F*&k It: Here’s the Entire Apple Music Contract for Indies…

On June 30th, Apple will be launching its streaming service, Apple Music.  This is the contract that independent artists and labels are being asked to sign, including a clause that allows Apple to pay nothing to rights holders during a three-month, introductory tier.

51 Responses

  1. chuck

    If an indie artist chooses not to be on Apple Music Streaming, can the artist still be on iTunes? I am hearing no.

    Reply
    • Anonymous

      Yes, Apple has not threatened to remove content from the iTunes store if you don’t sign the streaming deal

      Reply
    • Anonymous

      “can the artist still be on iTunes?”

      And then there’s the other question:

      Does s/he wants to?

      Reply
      • Anonymous

        And then there’s the other question:
        Does s/he wants to?

        uh… No one is forced to be on iTunes, or any legal music store for that matter.
        Are you new to the internet ?

        Reply
      • Anonymous

        …here’s why Taylor Swift’s 1989 won’t be streamed on Apple Music:

        “We don’t ask you [Apple] for free iPhones. Please don’t ask us to provide you with our music for no compensation.”

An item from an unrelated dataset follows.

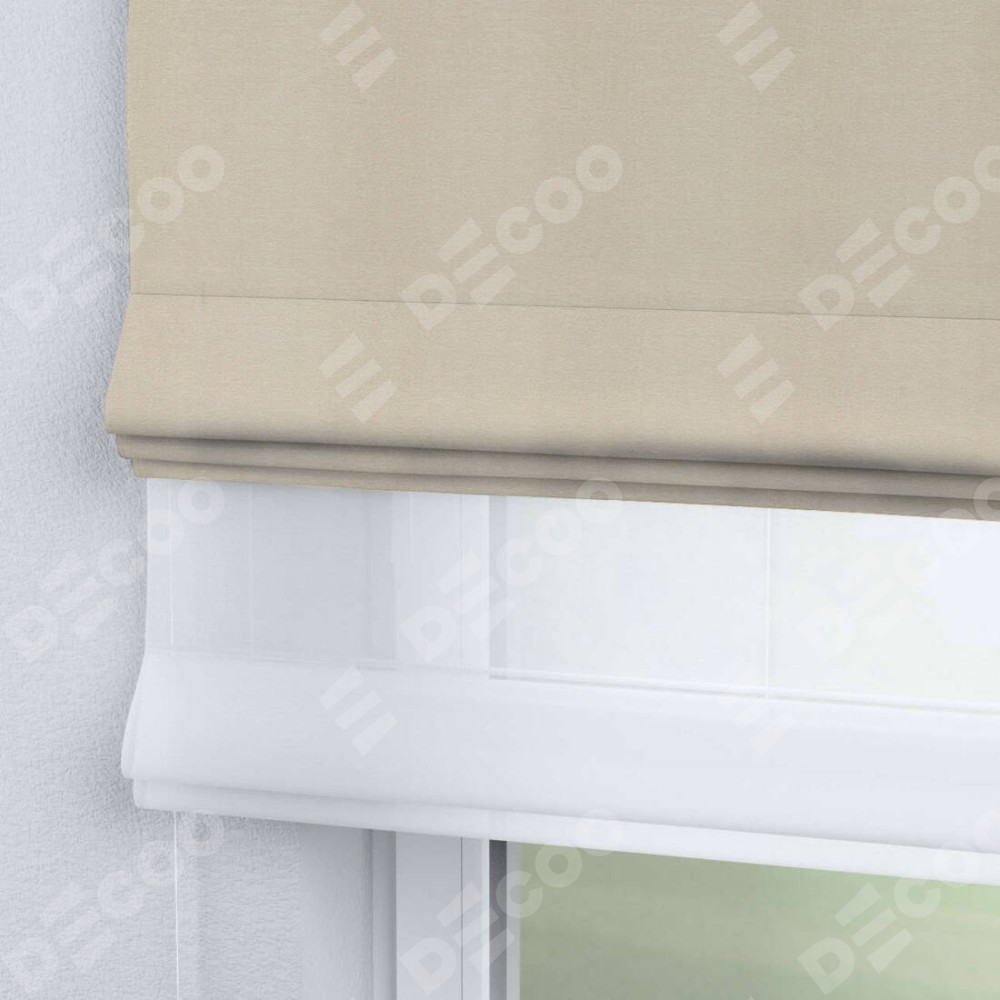 Римская штора день-ночь производителя «Cortin», используется для проёма, пошита из двух полотен, с лицевой стороны софт однотонный бежевый лайт артикул 33100, вторая ткань тюль (по стандарту комплектуется тюль белого цвета артикул V-01). Имеет универсальный механизм и подходит для монтажа: на потолок, на стену и в нишу.
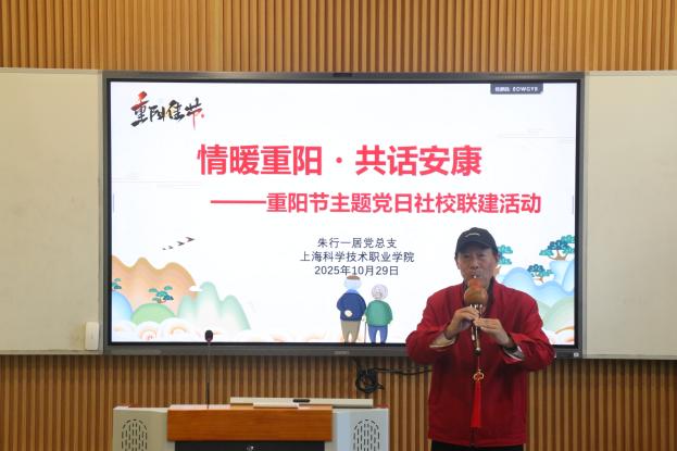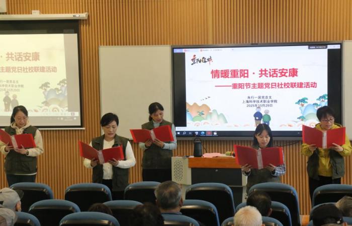 2025年10月29日,在上海科学技术职业学院闵行校区隆重举行了一场以"四方共建聚合力 情暖重阳践初心"为主题的重阳节敬老活动。本次活动由中共上海科学技术职业学院国际教育学院支部委员会、艺术设计学院总支部委员会联合朱行第一居民区总支部委员会、中共上海伟东海船有限公司联合支部委员会共同发起,是深化"社—校—企"党建联动、弘扬中华民族尊老敬老传统美德的重要实践。

        SOURCE: Taylor Swift, tumbl

        Reply
    • Anonymous

      “If an indie artist chooses not to be on Apple Music Streaming, can the artist still be on iTunes? I am hearing no.”

      I’m afraid you may be right — here’s what Anton Newcombe, Brian Jonestown Massacre told Billboard (I’ll post link in a separate comment below):

      “[Apple] has a new deal they offered me: they said we want to stream your music free for 3 months..I said what if I say no, and they said ‘we’ll take your music off itunes.”

      Reply
    • john matarazzo

      Where does this leave an indie label that is distributed through and aggregator like The Orchard (SONY)?

      Reply
  2. Anonymous

    “On June 30th, Apple will be launching its streaming service, Apple Music”

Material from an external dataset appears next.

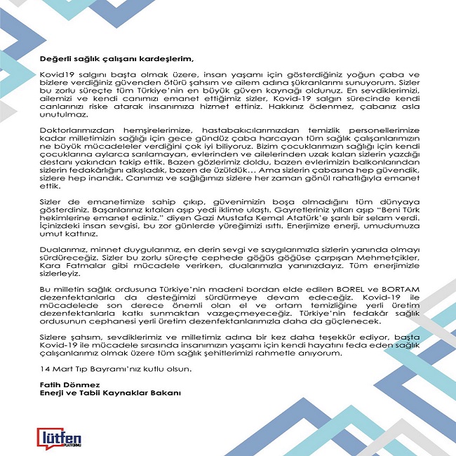 Enerji ve Tabi Kaynaklar Bakanlığı, Bakan Dönmez’in Sağlık Çalışanlarına yazdığı mektubu ‘Sayın Bakanımız Fatih Dönmez, Tıp Bayramı’nda fedakar sağlık çalışanlarımıza hitaben mektup kaleme aldı’ başlığıyla kamuoyuyla paylaştı.
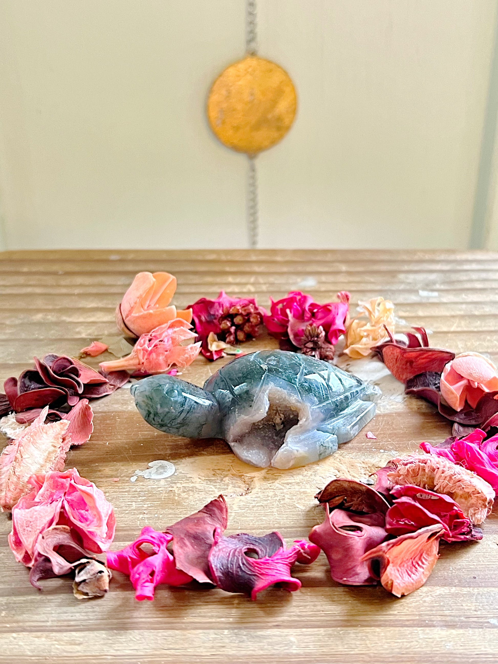 These stunning druzy Moss Agate sea turtles have the prettiest wispy moss and stunning sparkly druzy. Every purchase comes with a gift!

    That remains to be seen.

    Thanks for the articles, Paul. They haven’t been pleasant reading for Apple fanboys like me, but they were necessary.

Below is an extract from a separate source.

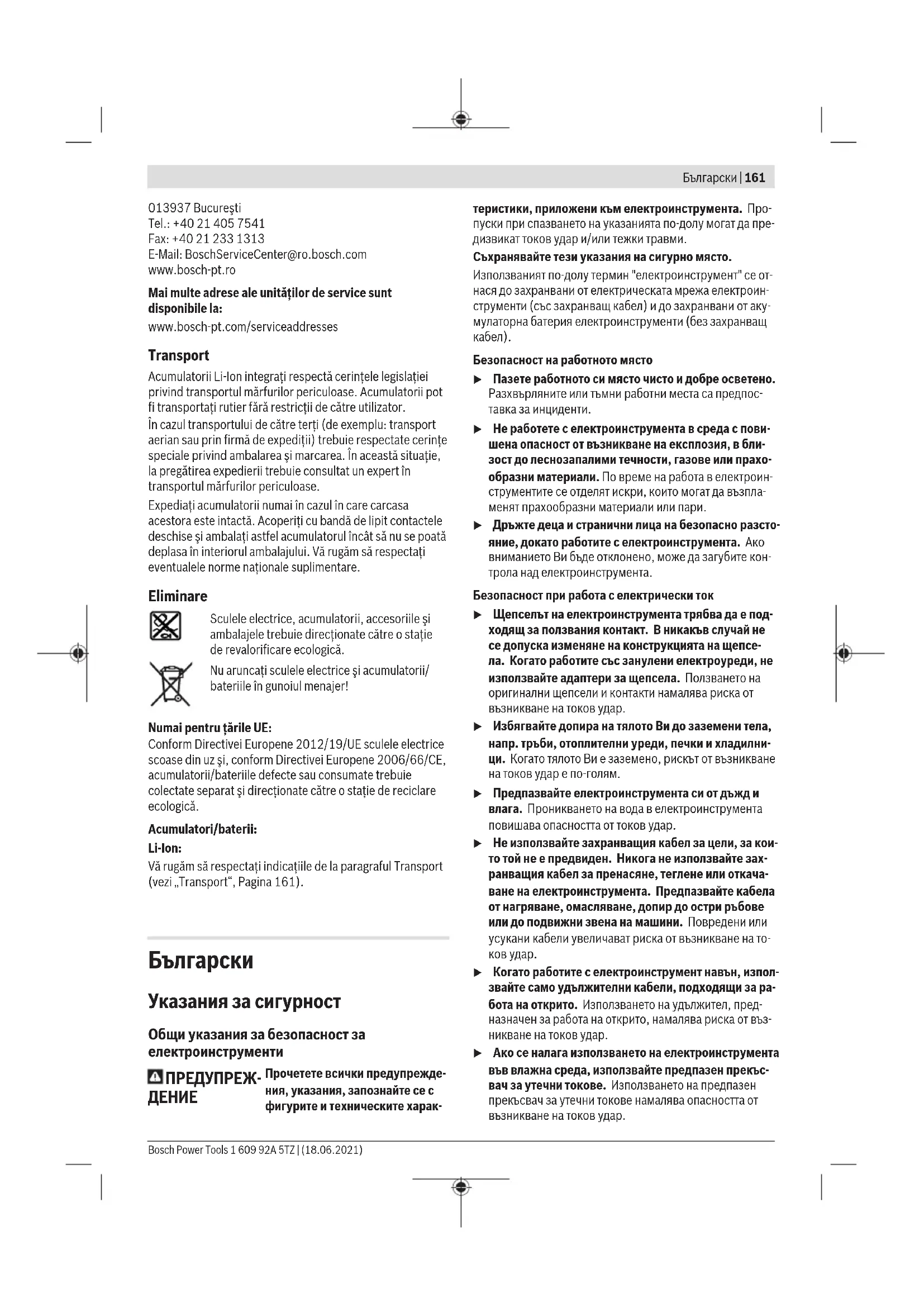 Robert Bosch SRL Service scule electrice Strada Horia Măcelariu Nr. 30–34, sector 1 013937 Bucureşti, România Тел.: +359(0)700 13 667 (Български) Факс: +40 212 331 313 Email: BoschServiceCenterBG@ro.bosch.com www.bosch-pt.com/bg/bg/ Други сервизни адреси ще откриете на: www.bosch-pt.com/serviceaddresses Транспортиране Включените в окомплектовката литиево-йонни акумулу- тарони батерии са в обхвата на изискванията на норма- тивните документи, касаещи продукти с повишена опас- ност. Акумулаторните батерии могат да бъдат транспорти- рани от потребителя на публични места без допълнителни разрешителни. 1 609 92A 5TZ | (18.06.2021) Bosch Power ToolsМакедонски | 169 При транспортиране от трети страни (напр. при въздушен транспорт или ползване на куриерски услуги) има специ- ални изисквания към опаковането и обозначаването им. За целта при подготовката на пакетирането се консулти- райте с експерт в съответната област. Изпращайте акумулаторни батерии само ако корпусът им не е повреден. Изолирайте открити контактни клеми с ле- пящи ленти и опаковайте акумулаторните батерии така, че да не могат да се изместват в опаковката си. Моля, спазвайте също и допълнителни национални предписа-

    I’ve always liked PCs, but I loved Mr. Jobs from the first time I saw him; I loved everything Mac from the first time I touched a mouse, and I’ve used most or all of their products in my work, hard and soft.

    But Mr. Jobs has left the building.

    And he’s not the only one.

    Reply
  3. Anonymous

    Everybody, save that contract… 🙂

    Apple takes (its own) Intellectual Property very seriously.

    Reply
  4. Tim Crook

    Dear COMPANY,

    By clicking to agree to this Digital Music Download Sales Agreement, which is hereby offered to COMPANY by ITUNES (as those terms are defined below), COMPANY agrees with ITUNES to the terms and conditions set forth herein, and you personally represent and warrant to ITUNES that you are authorized to electronically sign this Digital Music Download Sales Agreement on COMPANY’s behalf.

    ITUNES may create, distribute and monetize unauthorized copies of COMPANY’S entire catalog without permission and otherwise rape COMPANY 24/7 without compensation.

    ——————––
    Sincerely yours,
    Tim Crook

    Reply
    • Sigmund

      @Tim Crook : YOU NEED TO LAY DOWN ON THE HARD DRUGS AND CHILL DOWN. AND CONSULT YOUR PSYCHIATRIST MORE OFTEN

      Sincerely Yours.
      Sigmund Fraud.

      Reply
      • Jeff Robinson

        “Tim Crook”?

        Bwaaaaahaaahaaahahahahahaaaaaaaaaaaahaahahahahaahahaaahaahahaaaahahaahaaaaa

        har

        Reply
    • David Smith

      The big major companies always rob us little people the punks ass major labels sign artist that already created a buzz for themselves also wrote all of the lyrics and paid for the production and the major company comes in and rape us for our live performance revenue, Publishing, merchandise, Digital revenue, name and likeness, TV

      Reply
  5. Chris Mchale

    Streaming is financial suicide for musicians. Apple, Spotify. Pandora. Whatever. No one will ever make any money from streaming. Bottom line.

    Reply
  6. Sam

    For 3 months, apple is going to pay us ABOUT the same amount that Spotify pays us all the time.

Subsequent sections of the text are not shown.